5. An apparatus of claim 1 wherein the electrically conductive trace is a thin film adhered to the perimeter of the IR-transmissive plate.

6. An apparatus of claim 1 further comprising a safety system to respond to the measured electrical resistance being indicative of an open circuit by deactivation of some portion of the apparatus.

7. An apparatus of claim 1 , wherein the IR-transmissive plate is glass.

8. An additive-manufacturing apparatus comprising:

a radiation source to produce electrometric radiation to apply energy to a build material on a build bed, wherein the build bed holds and handles build material during an additive-manufacturing operation;

a separation barrier separating the build bed from the radiation source, the separation barrier includes a transmissive plate that permits electromagnetic radiation to pass therethrough from the radiation source to the build material on the build bed;

an electrically conductive trace of the plate, wherein the trace is thin enough that a fracture of the plate breaks the trace so as to produce an open circuit in the trace;

a fracture-detection system coupled to the trace, the fracture-detection system to apply a low voltage to the trace and to detect that a measured electrical resistance is indicative of an open circuit for the trace.

9. An apparatus of claim 8, wherein the radiation source is a high- temperature thermic source to produce infrared (IR) radiation.

10. An apparatus of claim 8, wherein the electrically conductive trace is a thin film adhered to a perimeter of the transmissive plate.

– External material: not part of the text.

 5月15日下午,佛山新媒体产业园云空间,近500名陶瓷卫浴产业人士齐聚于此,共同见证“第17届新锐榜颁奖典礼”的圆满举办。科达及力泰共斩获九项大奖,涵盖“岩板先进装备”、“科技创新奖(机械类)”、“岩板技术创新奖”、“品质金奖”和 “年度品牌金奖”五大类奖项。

11. An apparatus of claim 8 further comprising a safety system to respond to the measured electrical resistance being indicative of an open circuit by deactivation of the radiation source.

12. A method comprising:

perform an additive-manufacturing operation of an additive-manufacturing apparatus, wherein build material is supplied to a build chamber of the additive manufacturing apparatus and a radiation source is engaged to produce electromagnetic radiation to apply energy to the build material in the build chamber;

applying an electrical current to an electrically conductive trace on a transmissive plate of a separation barrier that seperates the build chamber from the radiation source, the transmissive plate permits electromagnetic radiation to pass therethrough from the radiation source to the build chamber;

detecting electrical resistance of the trace;

in response to that detection, ceasing the performance of the additive manufacturing operation.

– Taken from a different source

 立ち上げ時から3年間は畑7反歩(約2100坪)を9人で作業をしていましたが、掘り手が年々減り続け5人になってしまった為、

13. A method as recited in claim 12, wherein the radiation source is a high-temperature thermic source to produce infrared (IR) radiation.

14. A method as recited in claim 12, wherein the electrically conductive trace is a thin film adhered to a perimeter of the transmissive plate.

15. A method as recited in claim 12, wherein the ceasing the performance of the additive-manufacturing operation includes terminating a supply of build material to the build chamber.

Description:
FRACTURE DETECTION IN ADDITIVE MANUFACTURING

BACKGROUND

[0001] Additive Manufacturing (AM) is a term that describes a type of three- dimensional (3D) printing technologies that build 3D objects by adding layer- upon-layer of material. AM is also called additive fabrication, additive processes, additive techniques, additive layer manufacturing, layer manufacturing, and freeform fabrication.

[0002] Unlike subtractive manufacturing that starts with a solid block of material and then cut away the excess to create a finished part, additive manufacturing builds up a 3D object layer by layer from a geometry described in a 3D design model. In some of the AM approaches, a heat source may be involved in melting and fusing build material for form each successive layer of the 3D object.

BRIEF DESCRIPTION OF THE DRAWINGS

[0003] Fig. 1 is a simplified illustration of the relevant portions of an example additive manufacture system in accordance with the technology described herein.

[0004] Fig. 2 illustrates examples IR-transmissive plates in accordance with the technology described herein with one plate being unfractured and one plate being fractured.

[0005] Fig. 3 is a flowchart illustrating an example method in accordance with the technology described herein.

[0006] The Detailed Description references the accompanying figures. In the figures, the left-most digit(s) of a reference number identifies the figure in which the reference number first appears. The same numbers are used throughout the drawings to reference like features and components.

DETAILED DESCRIPTION

[0007] With an example additive manufacturing operation, a high- temperature heat source is used to apply energy to build material to produce a three-dimensional (3D) object. In some instances, the heat source produces infrared (IR) that is used fuse or bind build material. With this example, the heat source is separated from the build material by a window of IR-transmissive material.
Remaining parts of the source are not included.